We’ve all been there. You’re looking to buy a house when well-meaning friends and family pop out of the woodwork to offer you guidance. While they’re just trying to be helpful, their advice often can send you down the wrong path. To protect you from jumping into the market armed with ill-conceived knowledge, realtor.com gathered the worst home-buying advice people have heard and explained why these sayings often are incorrect:
Hold off, home prices are going down
Predictions that the housing bubble is going to burst again have persisted for years. No one knows what the future holds, so if you want or need to buy a home, the time to do it is now. With a lack of inventory and the busiest time of the year approaching, home prices aren’t going to decrease anytime soon.
You don’t need to use a real estate agent
In a fast-moving housing market, an experienced real estate agent is indispensable. Your agent not only will know about properties long before you do, he or she also will be able to guide you through all of the paperwork and point out potential problems that could cost you more in the long run.

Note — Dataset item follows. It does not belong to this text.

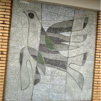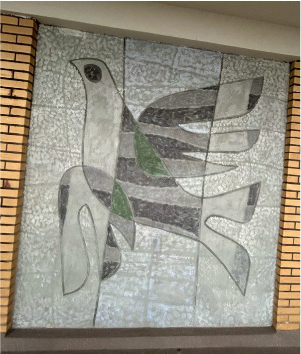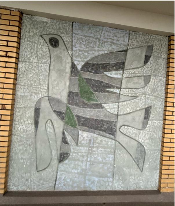 Op elke verdieping van het gebouw, buiten op de galerij, is een muurschildering gemaakt. Deze begint op de eerste verdieping tot en met de negende verdieping. De muurschilderingen verbeelden 5 gestileerde vogels, lijkend op duiven, en 4 afbeeldingen van iets dat op een blad lijkt of ander soort geabstraheerd organisch element. Over de negen muurschilderingen zijn slechts deze twee verschillende composities te zien, die elkaar elke verdiepingen afwisselen en steeds gespiegeld worden.

An agent’s knowledge and experience also will help you get the house you want at the best price.
Just use the listing agent to represent you
The seller’s agent represents the seller. You need someone in your own corner who has your interests in mind and is working to get you the best deal.
Make a lowball offer and negotiate up from there
Making a major lowball offer often can start negotiations off on the wrong foot with the seller. You also might wind up paying more in the end than you would have if you had you been more reasonable in the beginning. Serious buyers and sellers know what homes are worth.
Never pay full price
You don’t want to pay full price if a home is overpriced. After you determine whether the house is worth the money after studying the comps your Realtor provides, paying full price may be the only way to get the home in a seller’s market.
Remove contingencies to make your offer stronger
In a competitive market, it’s tempting to let safeguards like home inspections and title clearances slide. While sellers dislike contingencies, they’re designed to protect you against catastrophes—like buying a house with toxic mold or liens that will cost you thousands of dollars.
Don’t bother hiring a home inspector
A home might look fine at an open house, but it could be filled with issues that only a pro can uncover. Saving a few bucks by not hiring an inspector could cost you loads down the line, even with a home warranty from the seller.